§ AVAILABLE RECORDS

+---+

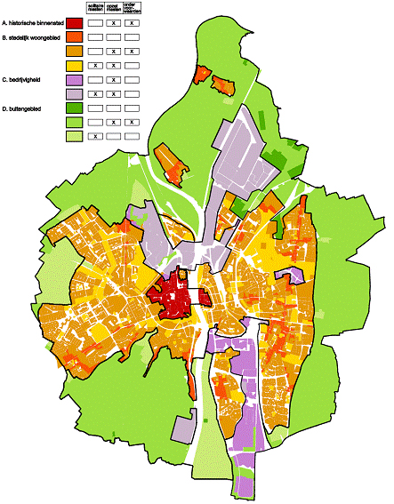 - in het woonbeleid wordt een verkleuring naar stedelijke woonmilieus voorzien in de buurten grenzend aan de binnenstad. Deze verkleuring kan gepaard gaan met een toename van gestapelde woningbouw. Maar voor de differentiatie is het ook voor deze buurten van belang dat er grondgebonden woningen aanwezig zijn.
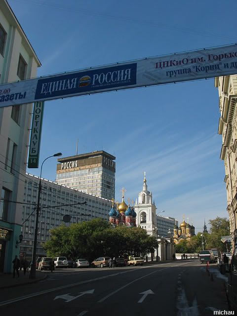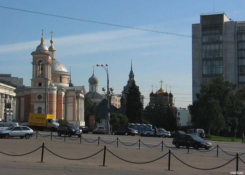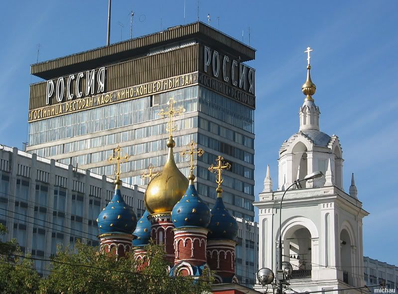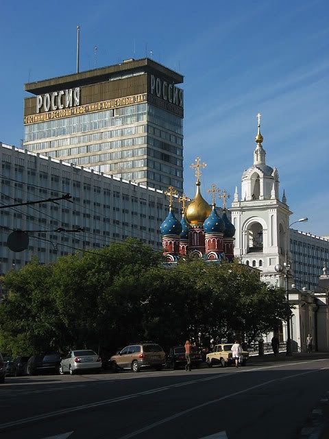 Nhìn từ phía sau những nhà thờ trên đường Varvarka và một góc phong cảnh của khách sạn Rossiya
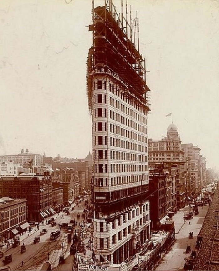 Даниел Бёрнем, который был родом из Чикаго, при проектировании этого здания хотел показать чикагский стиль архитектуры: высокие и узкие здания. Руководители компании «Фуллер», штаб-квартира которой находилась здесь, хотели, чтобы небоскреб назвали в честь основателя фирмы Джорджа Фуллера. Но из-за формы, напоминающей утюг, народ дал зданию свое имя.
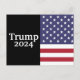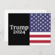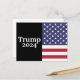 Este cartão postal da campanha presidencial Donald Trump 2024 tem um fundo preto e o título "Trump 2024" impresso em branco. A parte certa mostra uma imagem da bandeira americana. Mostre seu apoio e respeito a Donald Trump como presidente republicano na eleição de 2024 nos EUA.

+---+

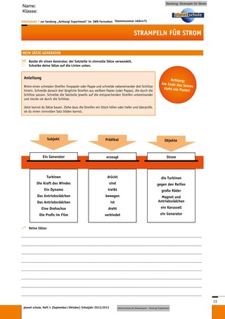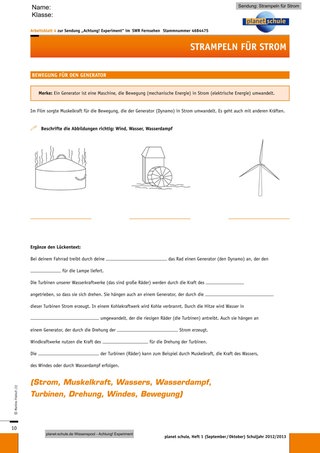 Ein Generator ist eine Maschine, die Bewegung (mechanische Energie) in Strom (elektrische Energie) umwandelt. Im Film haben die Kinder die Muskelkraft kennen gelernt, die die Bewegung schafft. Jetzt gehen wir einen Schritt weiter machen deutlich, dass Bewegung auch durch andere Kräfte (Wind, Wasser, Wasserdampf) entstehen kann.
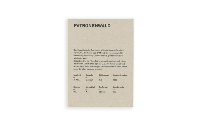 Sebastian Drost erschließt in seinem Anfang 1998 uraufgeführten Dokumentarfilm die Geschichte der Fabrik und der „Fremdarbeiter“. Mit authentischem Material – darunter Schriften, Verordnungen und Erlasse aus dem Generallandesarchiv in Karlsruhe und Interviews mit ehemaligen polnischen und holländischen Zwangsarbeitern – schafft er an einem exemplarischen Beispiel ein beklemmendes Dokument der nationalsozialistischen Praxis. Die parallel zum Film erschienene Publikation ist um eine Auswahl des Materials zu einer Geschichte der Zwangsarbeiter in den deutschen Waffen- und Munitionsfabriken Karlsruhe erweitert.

+---+

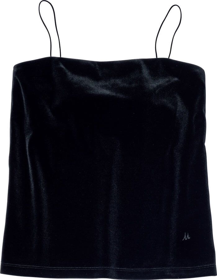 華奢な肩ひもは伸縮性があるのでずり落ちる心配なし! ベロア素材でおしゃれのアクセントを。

+---+

§ ACTIVITY
Reproduce the listing above from the line that holds "Nhìn từ phía" through the line that holds "Este cartão postal", both included, with the pictures left out.

§ TASK RESPONSE
 Nhìn từ phía sau những nhà thờ trên đường Varvarka và một góc phong cảnh của khách sạn Rossiya
 Даниел Бёрнем, который был родом из Чикаго, при проектировании этого здания хотел показать чикагский стиль архитектуры: высокие и узкие здания. Руководители компании «Фуллер», штаб-квартира которой находилась здесь, хотели, чтобы небоскреб назвали в честь основателя фирмы Джорджа Фуллера. Но из-за формы, напоминающей утюг, народ дал зданию свое имя.
 Este cartão postal da campanha presidencial Donald Trump 2024 tem um fundo preto e o título "Trump 2024" impresso em branco. A parte certa mostra uma imagem da bandeira americana. Mostre seu apoio e respeito a Donald Trump como presidente republicano na eleição de 2024 nos EUA.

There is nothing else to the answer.